Further application of UC-NMs in bioimaging was demonstrated using a fluorescence confocal microscope. HeLa cells were incubated with UC-NMs for 15 min, and cyan fluorescence was observed with 455–525 nm channels for Lu-1/BPEA and Lu-2/BPEA UC-NMs in the cytoplasm region upon excitation at either 405 or 543 nm (Fig. 4e and f). Two signals can be roughly merged (Fig. 4e and f column C), indicating that the UC luminescence at 455–525 nm originated from the TTA-UCNMs. To exclude the possible artefacts, a negative control experiment was conducted using nanomicelles loaded with BPEA only (no sensitizers) (Fig. S43a). Upon irradiation at 405 nm, strong luminescence was observed by the same channels, which was ascribed to the prompt fluorescence of BPEA. However, under irradiation of 561 nm, fluorescence was too weak to be detected. The above results clearly proved the upconversion imaging potential of TTA-UCNMs with Lu(III) porphyrinates as TTA-UC sensitizers, despite that the UC luminescence showed a limited signal-to-noise ratio (Fig. 4e and f, column B) and could not be completely overlapped with conventional fluorescence signals. We ascribe it to the instability of the nanomicelles, which resulted in the leakage of fluorescence and the permeation of oxygen.

In vitro cell imaging with up-converting mesoporous silica nanoparticles (UC-MSNs)

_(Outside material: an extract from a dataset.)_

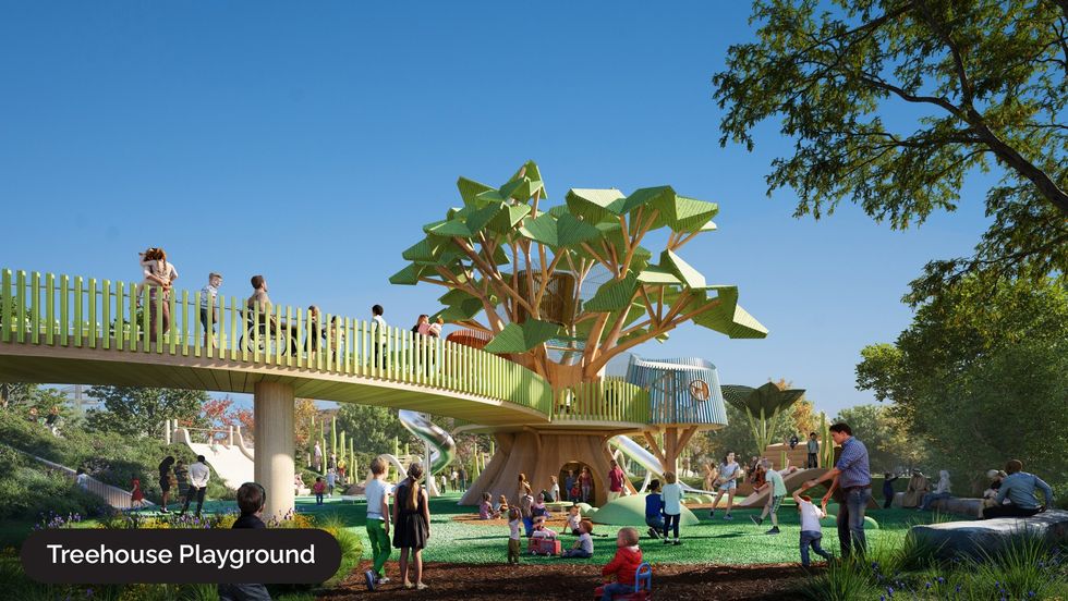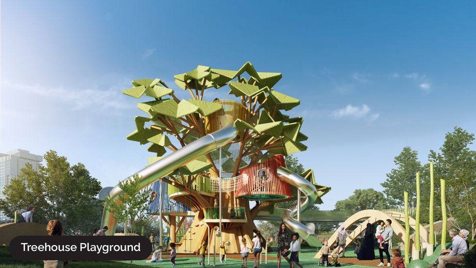 The designs include several spaces for visitors to discover, such as a canoe launch at Brigantine Cove, woodland trails and a Trillium-shaped fountain in the Forum, or a large sand beach on the Mainland, but arguably the most eye-catching renderings released are of the massive treehouse and turtle play structures located in Brigantine Cove.

Considering the relatively low cytotoxicity and high stability of silica-based materials, we also prepared up-converting nanocapsules with mesoporous silica nanoparticles (MSNs). MSNs were prepared by following modification procedures described in the literature.42 The TTA-UC chromophore pair in methyl oleate oil, which can efficiently prevent oxygen quenching, was then infused into mesoporous silica nanoparticles (UC-MSNs, Fig. 5a).42 The TEM images indicated that the UC-MSN consists of uniform ellipsoidal nanoparticles with major/minor axis lengths of roughly 96/56 nm and 86/55 nm, for Lu-1/BPEA and Lu-2/BPEA UC-MSNs, respectively (Fig. 5b and S37–38). At higher magnification, well-defined channels can also be identified both in the bright and dark field images (Fig. 5c), with a pore diameter estimated to be ca. 3 nm. Black and white dots were observed to be implanted in the MSNs in the bright and dark fields, respectively, which exhibit a stripe pattern filling the pore structure (Fig. 5c and S38b). This should be the embedded chromophore pairs. As measured by the DLS technique, two groups of particles with average hydrodynamic diameters around (209 ± 4) and (438 ± 3) nm are observed with either UC-MSNs (Fig. 5d), which confirmed the nanorod morphology of UC-MSNs, and is in good agreement with the TEM result. As expected, UC-MSNs displayed upconversion emission similar to the UC-NMs in aqueous media upon excitation with a 561 nm laser (Fig. 5e), with UC quantum yields as 2.4% and 2.1% for Lu-1/BPEA and Lu-2/BPEA, respectively (480 mW cm−2). Compared with the corresponding UC-NMs, the ΦUCs doubled for up-converting mesoporous silica nanoparticles, and were comparable to previously reported water-soluble upconversion materials, including rare-earth UC nanophosphors and TTA-UC nanoparticles sensitized by d-block metal complexes.43 Therefore, we assumed that with better prepared nanoparticles, Lu(III) porphyrinates/BPEA can achieve a higher TTA-UC efficiency in aqueous solution.
image file: c8qi00477c-f5.tif
Fig. 5 (a) Illustration of the preparation scheme of UC-MSNs, and the sketch of the TTA-UC process in a single UC-MSN. (b) Transmission electron microscopy (TEM) image at 25k× magnification, (c) bright field (left) and dark field (right) TEM image at 60k× magnification, and (d) dynamic light scattering (DLS) of Lu-1/BPEA loaded UC-MSN. (e) Normalized absorption and emission spectra of Lu-1/BPEA loaded UC-MSN in water under an ambient atmosphere (λex = 561 nm, 480 mW cm−2). (f and g) Confocal fluorescence images of living HeLa cells with UC nanoparticles by a 455–525 nm channel under laser excitation at (A) 405 nm (red, prompt fluorescence); (B) 543 nm (green, upconverted fluorescence); and (C) merged images of (A) and (B). Rows f and g: images of UC-MSNs (incubated for 15 min) loaded with (f) Lu-1/BPEA and (g) Lu-2/BPEA (Presented with fake color; scale bar presents 20 μm).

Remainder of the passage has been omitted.